Now that the government is easing the policy, it isn’t clear whether Sri Lanka’s farmers will get their needed fertilizer in time. The Maha planting season runs from September to March.
“The damage is so much in agriculture and agriculture-related exports,” said W. A. Wijewardena, a former deputy governor of Sri Lanka’s central bank, “that it will take some time for the country to recover.”
It also isn’t clear whether the government will continue to subsidize fertilizer, which made it more affordable for poorer farmers. Lalith Obeyesekere, the secretary-general of the Planters’ Association of Ceylon, said the price for a ton of urea — one type of fertilizer — had gone up in the global market so much that farmers would be paying five times what it once cost unless the government helped with subsidies.
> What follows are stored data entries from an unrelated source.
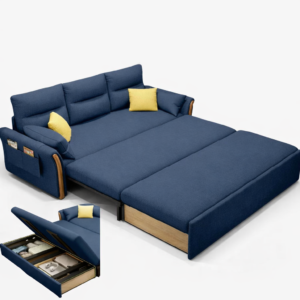 Blue Fabric Sofa Cum Bed with Storage – Modern 3 Seater Convertible Sofa Bed for Living Room | Sofa Cum Bed Set in Ahmedabad
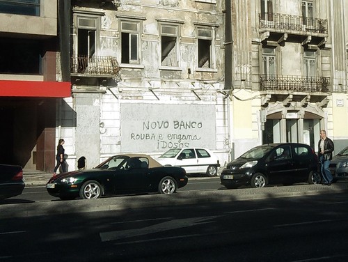 Há meses gente despeitada (e diz que esbulhada) pelo Novo Banco desabafou ali no sempre «inspirado» estilo da arte urbana. Ora quem tenha memória da célebre frase [com Vossa licença] «Bibi é rabo» grafiteiramente chapada no n.º 48 da Alameda de Dom Afonso Henriques em Lisboa, lembrar-se-á que durou ela ali pelos anos 80 e em boa parte dos 90 até que uma alma caridosa a de lá limpou. Foi pena porque se perdeu um raro exemplar rupestre de incalculável valor do que o município e a própria civilização com aplauso geral vieram, e muito bem, a classificar e a promover como «arte urbana».
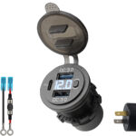 ProRide 12V USB C Stopcontact 3 Poorten Inbouw met Schakelaar/Voltmeter – QC3.0 – met Aansluitkabel 60cm en Glaszekering 10A – Blauw
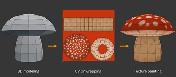2D纹理转换回3D空间将纹理图案应用于3D模型,就是通过查找每个网格模型面的UV坐标完成。
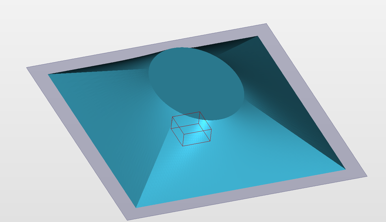 Let’s say I have a 2” thick piece of wood, 10” x 10”. I have an oval in the center of the piece of wood that is just flat. From the edges of that oval, out to the edge of the wood, in all directions, I want it to curve/slope to zero. Sort of like an upside down bowl, except it doesn’t end in a circle at the edge, it ends in a square. At the corners of the square piece of wood, the slope from the oval edge to the workpiece edge might be 5” or something. From the middle of the piece, the slope from the oval to the edge might only be an inch or so. Just contouring from the edges of the oval out to the edges of the square work piece.
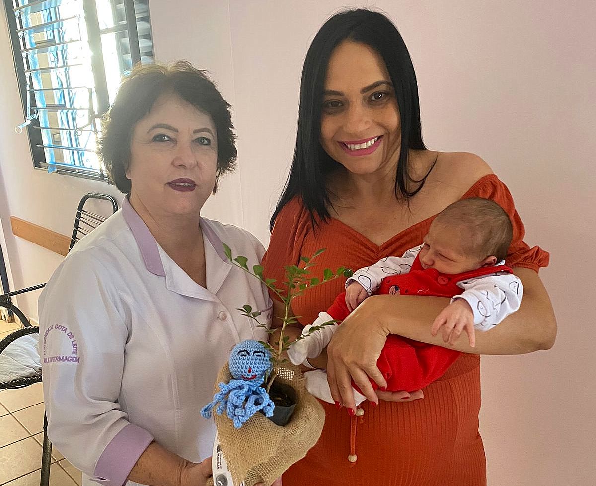 Na Maternidade Gota de Leite estão sendo entregues uma muda de árvore às mamães e toucas amarelas aos bebês, em alusão ao “Agosto Dourado”.
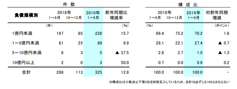 負債規模別件数をみると、2019年1~9月累計は負債「1億円未満」が228件と、前年同期比15.7%増加し、構成比は7割超を占め突出している。
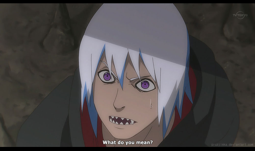 Suigetsu keeps on babbling and tells Sasuke that he’s probably take part in the war because he also wants to destroy Konoha! Suigetsu keeps on going when he says that no one wants to see Orochimaru again, nor do they need him screwing with their plans.
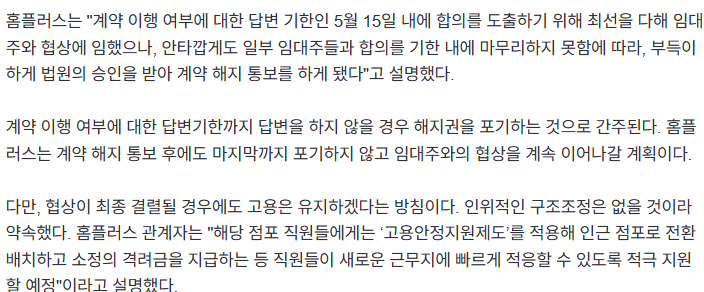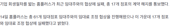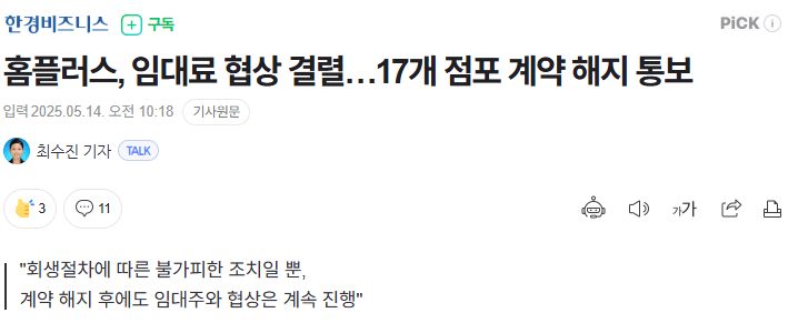 홈플러스, 임대료 협상 결렬…17개 점포 계약 해지 통보 rh1 0 101 0 2025.05.14 19:15 https://n.news.naver.com/mnews/article/050/0000090785 홈플러스, 임대료 협상 결렬…17개 점포 계약 해지 통보 0
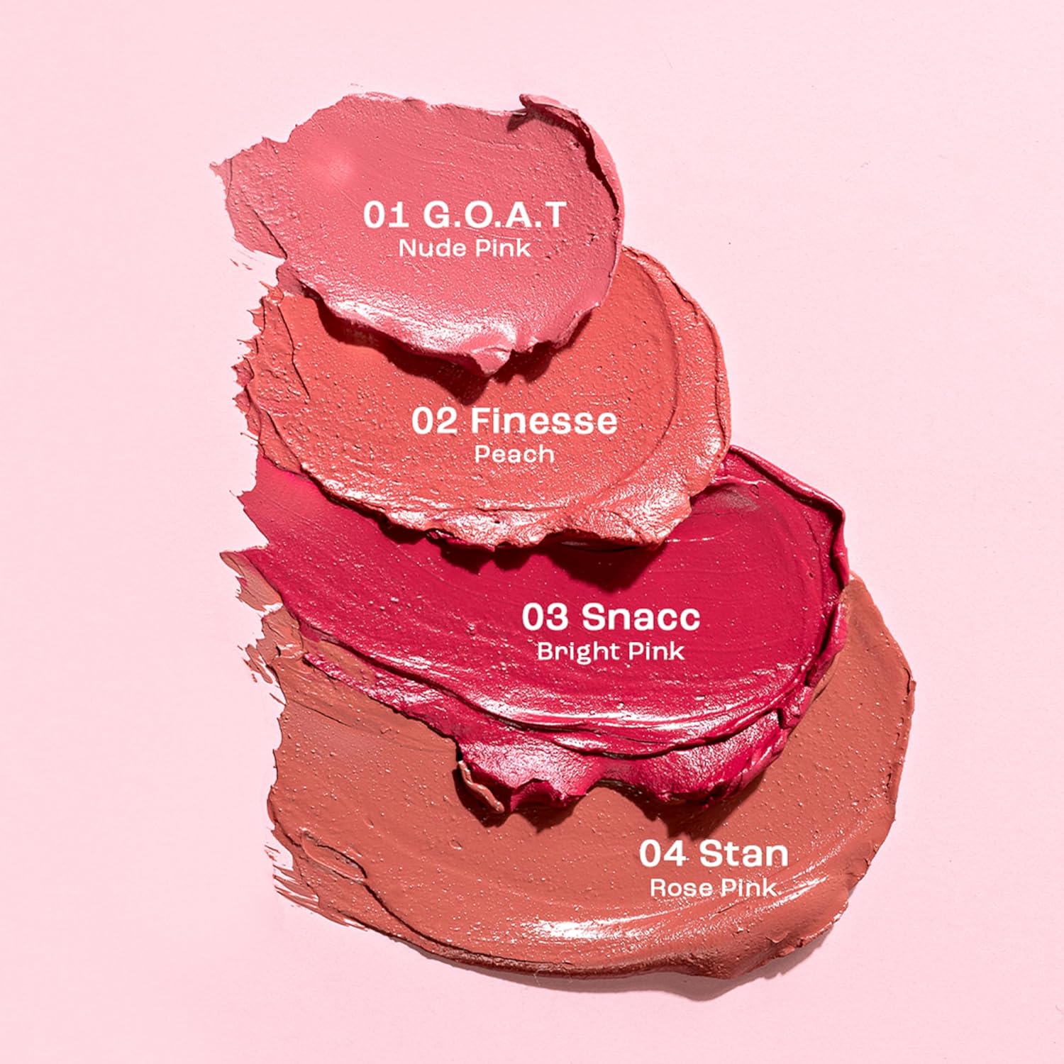 - अपना शेड चुनें: मूड? हमारे पास वह शेड है जो आप चाहते हैं और उससे भी ज़्यादा! इनमें से अपना पसंदीदा चुनें: GOAT - न्यूड पिंक, Finesse - पीच, Snacc - ब्राइट पिंक, और Stan - रोज़ पिंक
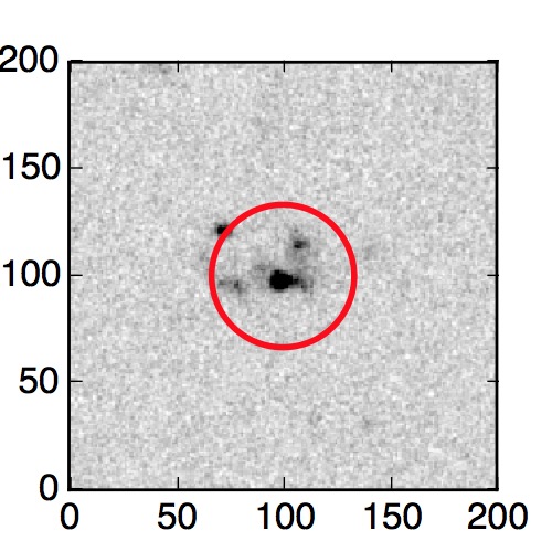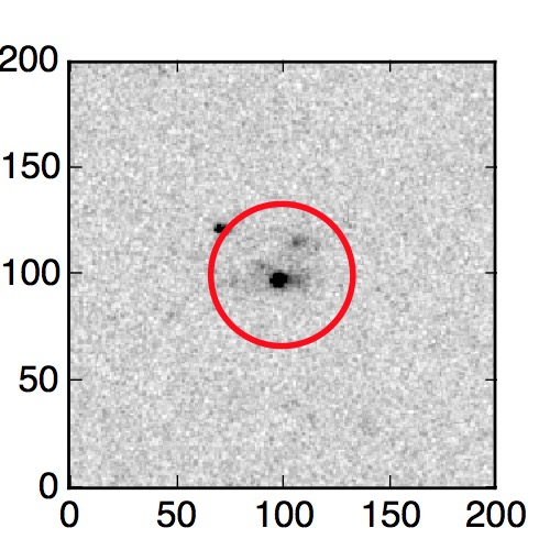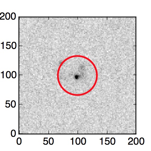 The red circle in the various panels is 1" in radius. The images are 6"x6".
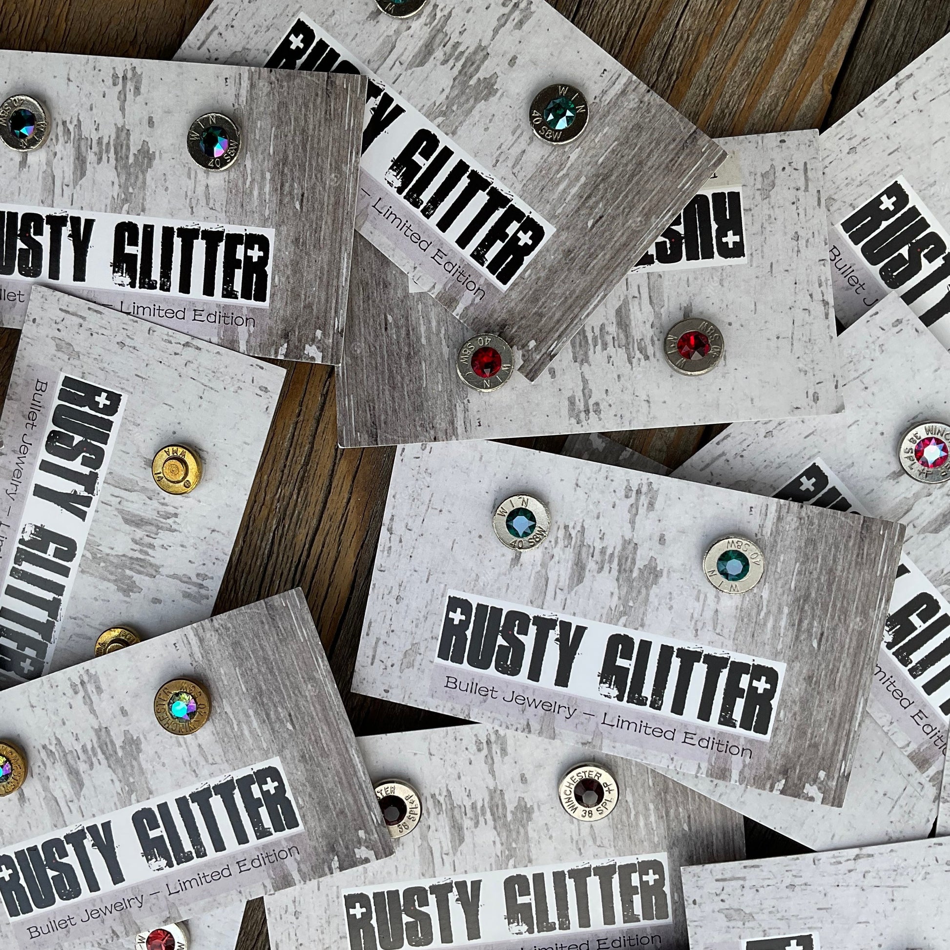 Box will contain pair of post bullet earrings on surgical stainless steel posts with a gorgeous limited edition or retired crystal color available only at our shows. Crystal color and type of bullet will be a total surprise, and will be chosen with love.
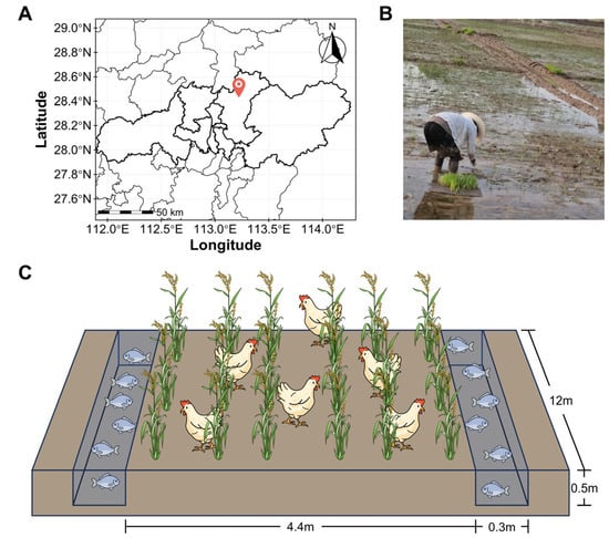 The experiment was conducted during the 2021 rice growing season at a specialized rice-poultry-fish integrated farm located in Changsha County, Hunan Province, China (113°13′09″ E, 28°24′48″ N; Figure 1A,B). The experimental soil was classified as reddish clayey paddy soil with the initial properties listed in Table 1.
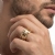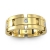 The timeless block link princess diamond men's eternity wedding band is made from precious metal 14k Gold Yellow. This handsome wedding ring features polished block link style with princess diamonds in a bezel setting.
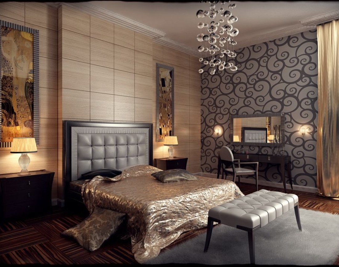 In amenajarea unui dormitor in stil art deco, poti folosi pereti vopsiti intr-o nuanta neutra, monocromatica sau tapet cu diferite modele de diamante, dungi sau forme geometrice. Opteaza pentru benzi decorative volumetrice cu care sa decorezi peretii, semineul sau arcurile.

“We know the government has decided on importing chemical fertilizers,” Mr. Obeyesekere said. “But now we will not get fertilizers at a subsidized price.”
Tea planters, some of whom had feared that the harvest could shrink by as much as 40 percent, said they still hoped that subsidized fertilizer would arrive in time. Tea makes up about 10 percent of Sri Lanka’s total exports, bringing in about $1.2 billion a year.
Many of the tea planters and tea factory managers asked for anonymity, fearing they would anger the government at a vulnerable moment. One manager said tea production had dropped by 40 percent. He said there was simply not enough organic fertilizer in the country to replace the chemical fertilizers.
“I used to pluck around 35 kilos of tea leaves a week, but now for about a year we pluck less than 25 kilos a week,” said R. Muniandi, a tea plucker in Ratnapura, a southwestern city. “I can see that the harvest is gradually reducing.”